Higher education in the U.S. is facing unprecedented challenges. Long viewed as an engine for success, recent surveys show a partisan erosion in that faith in higher ed. This erosion of trust, coupled with significant demographic shifts and growing costs, are fueling national debates over the purpose, value, and funding of higher education.

In an effort to understand what the next 20 years will hold for higher ed, Blackboard recently released Future Forward: The Next Twenty Years of Higher Education, a series of interviews with American higher education leaders. We asked these leaders to reflect on the last 20 years of U.S. higher education and consider what the next 20 years might hold.

Across the interviews, five themes repeatedly emerged:

1. Our current system is unsustainable and ill-suited for a globally connected world that is constantly changing.

Higher ed has been forced to reckon with a drastically changing digital world. Several prognosticators have predicted widespread closures of institutions. But none of the leaders we interviewed believed the future held massive closures or the disappearance of brick-and-mortar campuses.

They did, however, highlight the inadequate nature of the current system and suggested that the nature of higher education would shift away from a degree-driven pursuit to lifelong learning associated with continuing education.

2. Colleges and universities will have to change their current business model to continue to thrive, boost revenue, and drive enrollment.

Repeatedly our interviewees pointed to demographic shifts and changing markets as threats to the traditional higher ed business model.
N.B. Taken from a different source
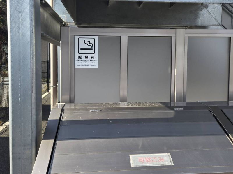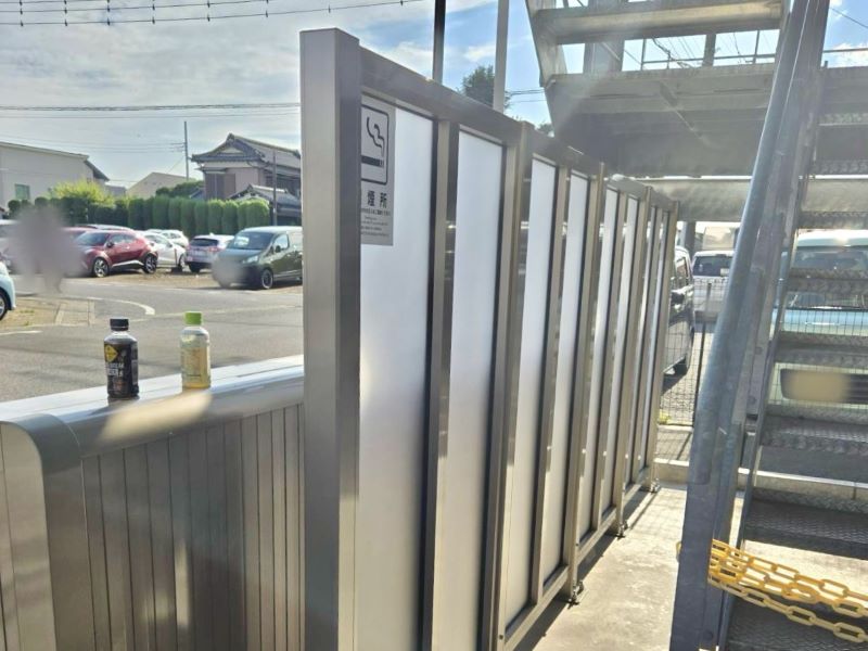 喫煙スペースの周りを目隠しのパネルで囲みました。

The University of Maryland University College’s Marie Cini observed that the pace of change in higher education has accelerated to the point that concrete strategic planning has become increasingly difficult. Robert Hansen of UPCEA posited that a new higher education leadership model would need to look more like private industry.

Several interviewees suggested that institutions will be forced to rethink their business model on some fundamental levels. For some, that meant critically evaluating the role of partnerships. For others, that meant finding ways to collaborate with other institutions to share academic programs and faculty.

Another trending change was the need to shift course offerings to include credentials and degree programs more aligned with workforce needs. Texas Tech University’s Justin Louder suggested that institutions would need to find ways to embrace micro-credentialing and badging. Drexel’s Susan Aldridge suggested that workforce preparation and credentialing would fundamentally shift the mission of higher ed from a degree-driven activity to a lifelong pursuit.

However, this elevation of workforce preparation comes with dangers in terms of limiting the focus of education and creating glass ceilings. Pat Schmohl of Quinsigamond Community College discussed the danger of losing sight of the need to educate students to be citizens first and workers second. Amy Laitinen of New America expressed concern that by rushing to have students complete credentials, we risk ignoring whether they translate into a better life for students.